Хорошо бы так было, чтоб их души пребывали в райской области, где нет стона и плача, где нет порывов и преобладания, где нет уныния, где нет… где нет ничего, что мы могли бы описать на обыкновенном человеческом языке. Хуже, если, по праву родства с мужем и отцом, их души оказались в краю Аида, рядом с сонмом теней тех, кто был когда-то сынами и дочерьми Эллады. Там, где бесплотные тени оплакивают свои несчастные судьбы. Там, где равны друг другу в горести и Одиссей с Пенелопой, и Филемон с Бавкидой. Нет, лучше бы их взяли в русский народный рай с молочными реками и кисельными берегами, с перинами на гагачьем пуху и курниками из печи!
Так, возможно, думал Федор Апостолаки, схоронив первенца и стоя, склонив голову, перед могилами своих ушедших родных.

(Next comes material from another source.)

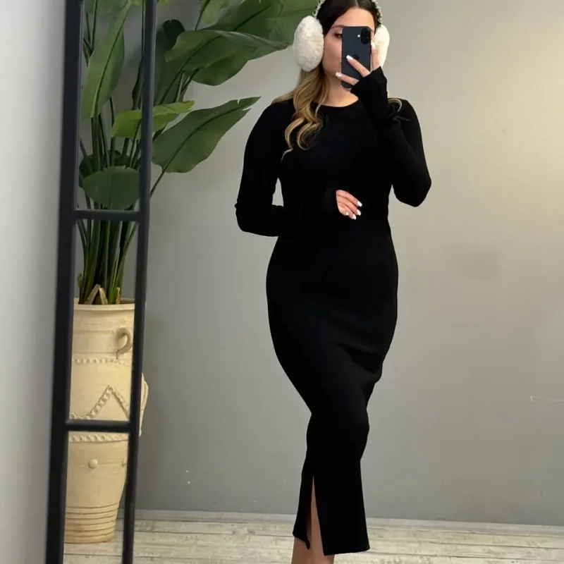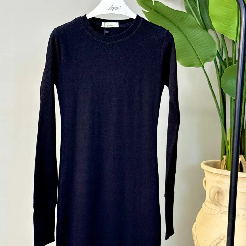 ✨ سارافون یقه گرد آستین انگشتی مشکی با طراحی ساده و شیک، مناسب برای استایلهای مینیمال و روزمره.

Ни одной живой родственной души у него теперь не осталось в этом русском городе, столь далеком от соленых морей его прародины. Далеко было и от Мариуполя — города его детства, города, где остались могилы его родителей, где лениво перекатывается под лучами солнца море, чьи маслянистые волны и впрямь вызывают в памяти некие болотные топи — болото Меотийское, мелководный Азов.
Сначала Федор думал вернуться в Мариуполь, где у него осталось бесчисленное множество родни — ближней и в особенности дальней, однако, по зрелом размышлении, понял, что делать этого не нужно. Он был еще молод и посему не любил отступать, ведь помнил же, как прощался с мариупольскими, словно навеки, не думая о возвращении. Как же он теперь вернется? К тому же его ценили на заводе. Ободряли, старались поддержать…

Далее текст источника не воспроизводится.